Projects
Improving Global Search
Streamlining Information Architecture to Reduce Administrative Friction
Executive Summary
As part of Affinity’s company-wide Nail the Basics initiative, I led design for Global Search, a foundational workflow used by dealmakers to return to active companies, people, and notes during time-sensitive work.
Search results were frequently irrelevant, hard to disambiguate, and required multiple attempts to complete. Over three months, I partnered closely with product and engineering to drive discovery, run experiments under backend constraints, and ship scalable UX improvements.
While we did not achieve our primary conversion goal, we meaningfully reduced re-initiated searches (-14%), improved result quality, and uncovered systemic limitations of keyword-based search. This work directly informed the team’s strategic pivot toward semantic search.
"The internal search function has no optimization based on which people and organizations are most relevant to my business…"
Nail the Basics (NTB) was a company-wide effort to address core CRM functionality customers expect from a modern platform. Search emerged as one of the most critical—and fragile—experiences.
For Affinity’s customers (investors, dealmakers, and relationship-driven teams), search is not a discovery tool, it’s a return mechanism. Users often know exactly what they are looking for and need to retrieve it instantly, sometimes mid-meeting or conversation.
When search fails:
Deal momentum slows
Context is lost
Trust in the system erodes
Global Search produced inconsistent, hard-to-predict results that did not align with users’ mental models.
Key symptoms included:
Org-relevant companies ranking below unrelated global results
Difficulty disambiguating duplicates or similarly named entities
Limited result visibility (top 10 cap)
Unclear support for notes and other entity types
Root issue:
Search was optimized for broad keyword matching across Affinity’s global database, rather than relevance within a user’s specific network and workflow.

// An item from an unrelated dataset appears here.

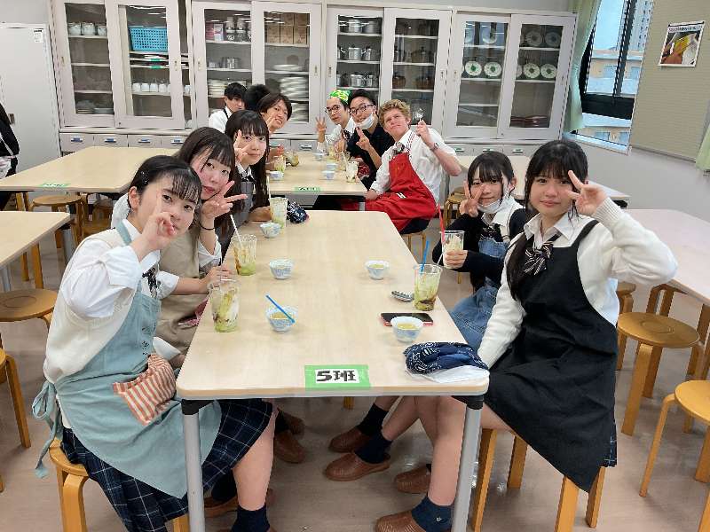 昨年の秋から10ヶ月間本校に留学していた2名の留学生(ドイツ、イギリス)が今月帰国します。6月3日(月)の放課後に調理室を借りて留学生のお別れ会を開催しました。留学生からの提案で日本のスイーツを作りたいということでしたので、白玉団子にあんこ、抹茶アイスなどをトッピングしたパフェを作って食べました。最後に留学生たちから日本での留学生活の体験についてお話を聞くことができました。お二人ともに日本が大好きでまた日本に戻ってきたいと言って頂きました。来月は中国からの留学生とニュージーランドからの留学生のお別れ会を開催します。
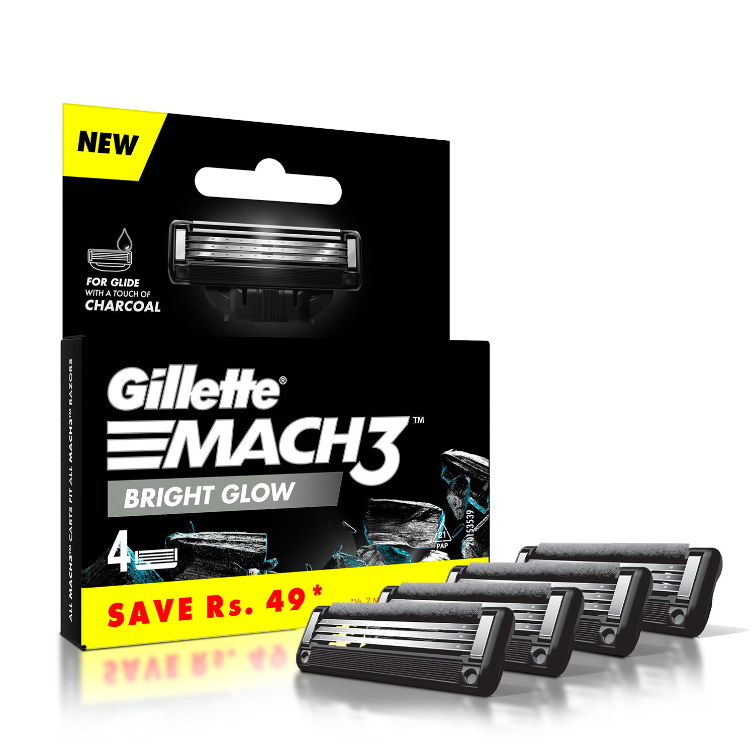 Gillette Mach3 Charcoal Shaving Razor Blades, 4 Blades Bright Glow

UI improvements can reduce friction but cannot fully compensate for poor ranking logic
Relevance is contextual and workflow-dependent
Preview-based context is more effective than forcing binary filters
Early experiments prevented deeper investment in ineffective approaches
Using Affinity's Build Operating Model (similar to dual-track discovery), I led problem framing through:
Historical customer feedback (Productboard)
In-product feedback loops
Ongoing customer interviews
Quantitative analysis in Amplitude
We mapped problems using a problem matrix (importance x satisfaction, tracing symptoms back to unmet user needs.
This work clarified that relevance and ranking, not UI polish, were the core issues to address.

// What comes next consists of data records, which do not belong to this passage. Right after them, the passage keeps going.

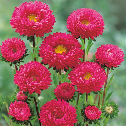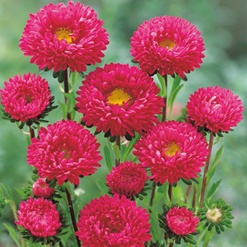 花径約5cmで黄色い花芯と花びらのコントラストが美しい。分枝力が極めて旺盛な多花性で、アスターの中でも耐病性、耐寒性が強く、作りやすい品種。切り花に好適。
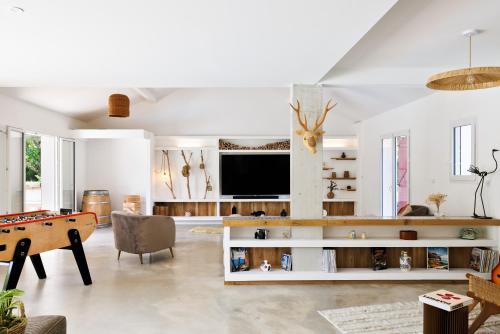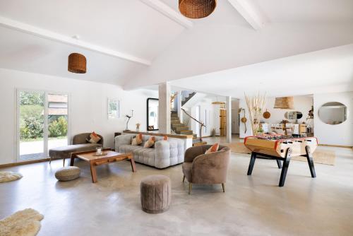 L’hébergement Villa Alba - Villa au charme bohème se situe à Arcangues, à seulement 6,8 km de ce lieu d’intérêt : Gare de Biarritz La Négresse. Il possède une piscine extérieure, un jardin, une terrasse et une connexion Wi-Fi gratuite. Cet hébergement met à votre disposition un balcon et un parking privé gratuit. Cette maison de vacances se compose de 4 chambres, d'un salon, d'une cuisine entièrement équipée avec un réfrigérateur et une machine à café, ainsi que de 4 salles de bains avec une douche et des articles de toilette gratuits. Des serviettes et du linge de lit sont mis à votre disposition. Vous séjournerez à respectivement 20 km et 20 km de ces lieux d’intérêt : Gare de Saint-Jean-de-Luz et Église Saint-Jean-Baptiste. L'aéroport le plus proche (Aéroport de Biarritz-Pays basque) est à 7 km. |
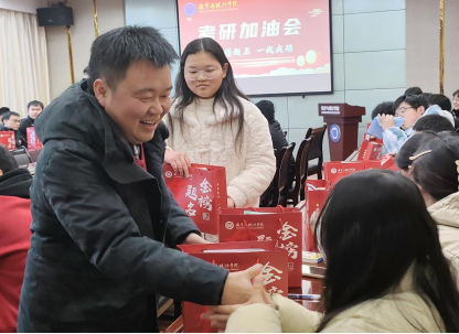 最后,由学院参会的各位领导老师向全体考研学生发放“考研加油包”。
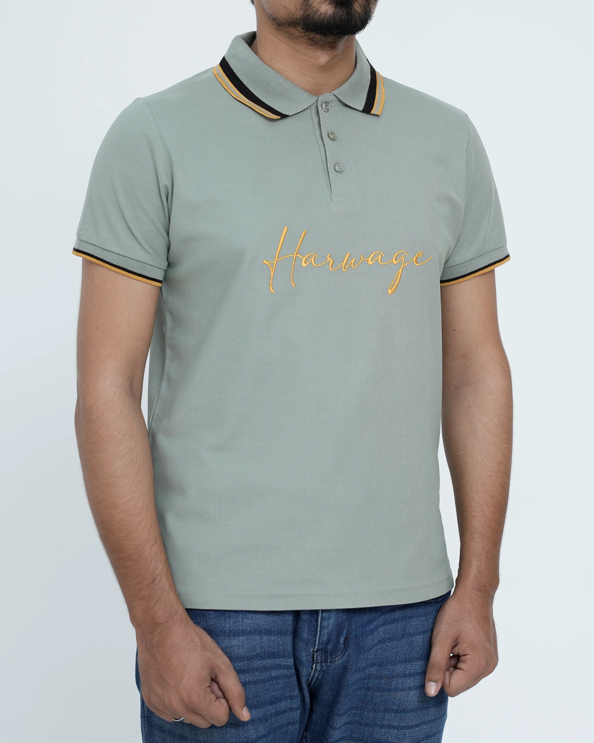 Check Out: Men Contrast Tipping Polo Shirt - Olive Branch

At the outset, backend resources were limited. Rather than waiting, we used frontend-led experiments to:
Validate assumptions about relevance
Understand user mental models
Identify where UI could (and could not) compensate for ranking logic
Each initiative was designed to de-risk future investment, not just ship features.
Key Initiatives
In-Network Filtering
We hypothesized that restricting search results to entities within a user's network would surface more relevant results and reduce failed searches.
Outcome:
Search conversion decreased slightly for the experiment cohort.
Why:
Users had mixed mental models of "in-network"

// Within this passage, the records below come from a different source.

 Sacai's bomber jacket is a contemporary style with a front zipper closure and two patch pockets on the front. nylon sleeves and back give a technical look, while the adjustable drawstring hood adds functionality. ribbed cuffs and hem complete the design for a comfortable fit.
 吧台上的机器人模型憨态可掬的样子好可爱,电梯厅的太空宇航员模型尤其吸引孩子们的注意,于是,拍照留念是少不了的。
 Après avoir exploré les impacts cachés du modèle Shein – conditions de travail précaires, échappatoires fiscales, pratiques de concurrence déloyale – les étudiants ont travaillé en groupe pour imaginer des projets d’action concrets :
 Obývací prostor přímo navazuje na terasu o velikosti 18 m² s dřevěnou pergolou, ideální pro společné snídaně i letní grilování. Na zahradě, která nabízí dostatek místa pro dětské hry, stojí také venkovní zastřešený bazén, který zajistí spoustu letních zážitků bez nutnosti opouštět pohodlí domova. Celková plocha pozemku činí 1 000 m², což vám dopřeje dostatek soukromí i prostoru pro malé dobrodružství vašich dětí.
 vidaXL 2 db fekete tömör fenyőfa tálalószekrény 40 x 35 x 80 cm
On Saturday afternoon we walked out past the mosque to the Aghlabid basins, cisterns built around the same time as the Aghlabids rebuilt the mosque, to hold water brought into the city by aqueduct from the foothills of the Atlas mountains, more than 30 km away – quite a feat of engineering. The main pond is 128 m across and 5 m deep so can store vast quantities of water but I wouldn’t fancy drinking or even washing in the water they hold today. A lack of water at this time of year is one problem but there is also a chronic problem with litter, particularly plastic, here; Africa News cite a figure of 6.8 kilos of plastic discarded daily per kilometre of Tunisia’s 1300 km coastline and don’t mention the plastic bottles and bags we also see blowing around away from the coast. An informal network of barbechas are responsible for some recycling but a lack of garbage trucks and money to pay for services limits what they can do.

Some workflows (e.g., sourcing_ require open exploration
A binary filter forced tradeoffs rather than resolving ranking issues
What this taught us:
Relevance cannot be solved through filtering alone. UI controls surfaced tension between workflows but didn't resolve it.
"When I am using the search function I typically am waiting to search the entire universe of companies and people, not just those within our network. So this has added an extra step to my workflow."
Improve Discoverability & Reducing Friction
Discovery revealed UX inconsistencies that created unnecessary friction.
Notes were searchable but hidden behind a separate tab, limiting Notes conversion to just 24%
Results were capped at 10, forcing repeated searches
Changes shipped:
Result count increased to 20, with progressive "See more" loading
Clear messaging when users hit result limits
Notes surfaced in Top Matches by default
Impact:
Notes searches increased by 1,290% over a single quarter (from about 800 events in Q1 to over 12K events by end of Q2)
With "See more," 70% of users found their intended result within the first expanded view.
In search experiences, fewer interactions after result expansion indicated higher relevance and faster task completion
Search Preview: A Leverage Point
Ongoing discovery surfaced a recurring pain point: users couldn't confidently identify the right entity without clicking into multiple profiles.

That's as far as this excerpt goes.